As mentioned at the beginning, the first goal is to reproduce the results produced by Mr. Weiss. After implementing virtually everything in his post, including the He normal initialization, and building a highly similar model, the target of 90% accuracy (let alone 95.5%) is proving elusive.
I am thus going to start branching out.
Removing non-English sentences from the dataset
It is critical to know the data set. It is also critical to clean the dataset, which is what data scientists spend most of their time doing.
Since the inception of this project I’ve been peaking into the and have noticed, despite the “.en” in the source filename, a considerable number of non-English sentences, like
Toujours aussi inconstant, le Brésil, tombé au 19e rang du classement FIFA, a certes réagi après l'ouverture du score de la tête de Gonzalez (7). While I would imagine that a neural network could be trained to simultaneously correct spelling for multiple different languages, this will only increase the complexity of the problem. Additionally, only a smattering of different languages is going to be nothing more than noise. Thus, I’ve decided to scrub the data set of anything non-English.
Using langdetect I constructed a routine to iterate through the entire file and remove any sentences that were not identified as English. In the process, I discovered a few things about langdetect:
- It is not entirely accurate. Sentences like
You made it home!return “fr”. To mitigate this effect I used
detect_langs, which returns a probability distribution of possible languages, and accept anything that has a non-zero chance of being English.
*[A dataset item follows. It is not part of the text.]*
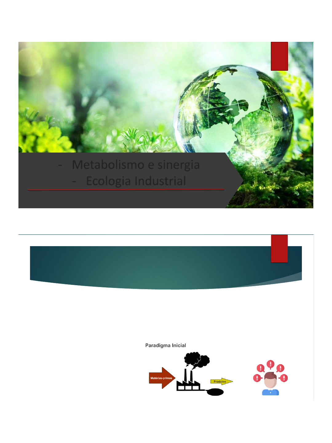 <p>21/06/2023</p><p>1</p><p>- Metabolismo e sinergia</p><p>- Ecologia Industrial</p><p>Docente: Bruna Borges Soares</p><p>• Até meados dos anos 1950, concebia-se o sistema produtivo separado do meio</p><p>ambiente, portanto, os problemas ambientais situavam-se fora das fronteiras do</p><p>sistema industrial.</p><p>• Sob esse ponto de vista, os estudos tinham como foco a consequências da poluição e</p><p>não nas causas.</p><p>21/06/2023</p><p>2</p><p>Modelo convencional da economia</p><p> Sistema aberto;</p><p> Entram continuamente recursos naturais e são liberados resíduos;</p><p> Segunda lei da termodinâmica</p><p> Degradação → Através da irreversibilidade dos processos.</p><p>Conceitos</p><p>Giannetti & Almeida, 2006</p><p>21/06/2023</p><p>3</p><p>Figura - Economia como sistema aberto: interação ambiente/economia</p><p>• A Ecologia Industrial, uma nova abordagem da relação entre a indústria e o meio</p><p>ambiente, vem sendo desenvolvida em muitos países, especialmente, nos Estados</p><p>Unidos, na comunidade Europeia e no Japão.</p><p>Ecologia Industrial</p><p>• No Brasil a Ecologia Industrial é ainda um tema relativamente desconhecido no meio</p><p>acadêmico e, principalmente, no meio empresarial.</p><p>21/06/2023</p><p>4</p><p>• Não há um consenso quanto a definição da Ecologia Industrial, porém há vários</p><p>pontos em comum entre as diversas definições encontradas na literatura:</p><p>▫ A Ecologia Industrial é sistêmica, abrangente, possui uma visão integrada de todos os</p><p>componentes do sistema industrial e seus relacionamentos com a biosfera.</p><p>• “A Ecologia Industrial baseia-se na metáfora que advém de retirar da análise do</p><p>funcionamento dos ecossistemas naturais lições úteis para gerir melhor os sistemas</p><p>industriais“.</p><p>21/06/2023</p><p>5</p><p>O conceito envolve a participação de duas ou mais empresas, com a finalidade de</p><p>desenvolver/produzir produtos, resíduos e subprodutos cujo impacto no meio ambiente</p><p>seja menor que aquele de cada empresa atuando independentemente de outras.</p><p>• Dessa forma, o sistema global, que é resultado de várias contribuições</p><p>menores causará, como um todo, menor impacto ambiental do que aquele causado</p><p>pela soma dos impactos das unidades individuais.</p><p>• O objetivo da ecologia industrial neste contexto é estabelecer o total uso/reuso de</p><p>reservas, para que o sistema não descarte nenhum resíduo, ou seja, emissão zero.</p><p>21/06/2023</p><p>6</p><p>Histórico</p><p>• A Ecologia Industrial está baseada no estudo de sistemas e na termodinâmica.</p><p>• As metodologias para o estudo de sistemas foram estudadas por Jay Forrester nos</p><p>anos 60 e 70 .</p><p>• Donella e Dennis Meadows utilizaram a análise de sistemas para simular a</p><p>degradação ambiental do planeta e enfatizaram o caminho insustentável do sistema</p><p>industrial vigente.</p><p>• Desde então, a associação indústria-ecologia tem se manifestado de forma dispersa ao</p><p>longo das últimas três décadas.</p><p>• Alguns ecologistas há tempo tinham a percepção do sistema industrial como um</p><p>subsistema da biosfera que, demandando recursos e serviços da mesma, teriam que</p><p>ser analisados conjuntamente.</p><p>21/06/2023</p><p>7</p><p>• A ideia de descrever os fluxos de material e energia, inerentes aos processos</p><p>industriais, como um sistema metabólico, foi introduzida por Robert U. Ayres, com o</p><p>termo “Metabolismo Industrial”.</p><p>• O conceito se fundamenta, basicamente, na aplicação balanços de massa</p><p>circulação de materiais e balanços de energia ao longo dos processos produtivos.</p><p>Metabolismo Industrial</p><p>• O Metabolismo Industrial trata dos fluxos de matéria e energia no sistema industrial.</p><p>• A Ecologia Industrial vai mais longe:</p><p>▫ A abordagem procura entender como o sistema industrial opera, quais são os</p><p>mecanismos reguladores e qual sua interação com a biosfera.</p><p>Metabolismo Industrial</p><p>21/06/2023</p><p>8</p><p> Metabolismo da natureza</p><p> Metabolismo da indústria</p><p>“Fechar o ciclo das substâncias de uso indústria é um dos principais desafios a</p><p>superar para conseguir tornar sustentável o atual sistema de produção”</p><p>Ecologia Industrial</p><p> Assume uma abordagem sistêmica e integradora de materiais, processo, produtos</p><p>e serviço, e as politicas desenhadas neste contexto devem ter como fim último a</p><p>sustentabilidade do sistema global;</p><p> Incorpora as práticas, ferramentas e objetivos das outras perspectivas;</p><p> Estender o âmbito da relação ambiente, economia e sociedade;</p><p>• “O sistema industrial como um todo, depende dos recursos e serviços provenientes</p><p>da biosfera, dos quais não pode estar dissociado”.</p><p>21/06/2023</p><p>9</p><p>Ecologia Industrial</p><p> Ecologia Industrial: Uma lição da Natureza</p><p> Copiar o desenvolvimento de ecossistemas sustentáveis</p><p> Fechar os ciclos dos materiais</p><p> Promover a utilização da energia em cascata</p><p> Aproximar os sistemas do “equilíbrio termodinâmico”</p><p> Minimizar a entropia</p><p> Sistemas interdependentes e altamente organizados</p><p>Simbiose Industrial</p><p> O conceito de Simbiose Industrial é uma das abordagens produtivas para a</p><p>ecologia industrial, que é baseado na sinergia entre diferentes atividades</p><p>produtivas que apresentam maior eficiência de recursos resultando em</p><p>benefícios ambientais, sociais e econômicos.</p><p> “Segundo Chertow (2000), os elementos chave para a Simbiose Industrial (SI)</p><p>são a colaboração e as possibilidades sinérgicas proporcionadas pela</p><p>proximidade geográfica entre as organizações interessadas.”</p><p>21/06/2023</p><p>10</p><p> Dado sistema industrial seja analisado em conjunto com outros sistemas que o</p><p>rodeiam, de m

- It is not consistent. Repeatedly processing
Hello, I'm christiane amanpour.returned
[it:0.8571403121803622, fr:0.14285888197332486]and then
[it:0.999995562246093], all of which are incorrect, by the way. (It’s unclear why “Christiane Amanpour” isn’t capitalized, but that’s the way it is in the source file.)
- It throws an error when processing text it cannot “identify,” such as URLs and emails. This actually turns out to be a happy result since things like
firstname.lastname@example.org not going to help much with training, so it’s good to get rid of them anyway.
- It is slow. It took 24 hours to process 21,688,362 lines, which works out to about 250 lines a second. I guess that’s not too bad.
Perhaps my next project should be to build a language detection neural network. I digress.
In any event, the end result is that 848,326 lines, including 345 “errors,” were removed from the source file. That’s only 3.9% of the lines, however, after further processing to remove sentences that contain characters outside the top 75, the size of the source dataset dropped from 4,154,135 lines to 3,793,771, which is a reduction of 8.7%.
That’s the theory, anyway
The actual result, after two days of training, is disappointing. In my first run (orange-brown dots) I inadvertently also changed the minimum input size from 5 to 10, which had a pretty negative impact on training so I cut it short. It’s often helpful to not change multiple things at the same time.
The second run (dark blue dots) actually did well, although not better than the run a couple weeks ago when I changed the number of allowable characters from 100 to 75 and before I implemented He normal initialization. The final validation accuracy was 70.0%. This is another disappointing result and I continued to be perplexed as to how Mr. Weiss got to 95.5% accuracy.
I have not yet, however, run out of ideas.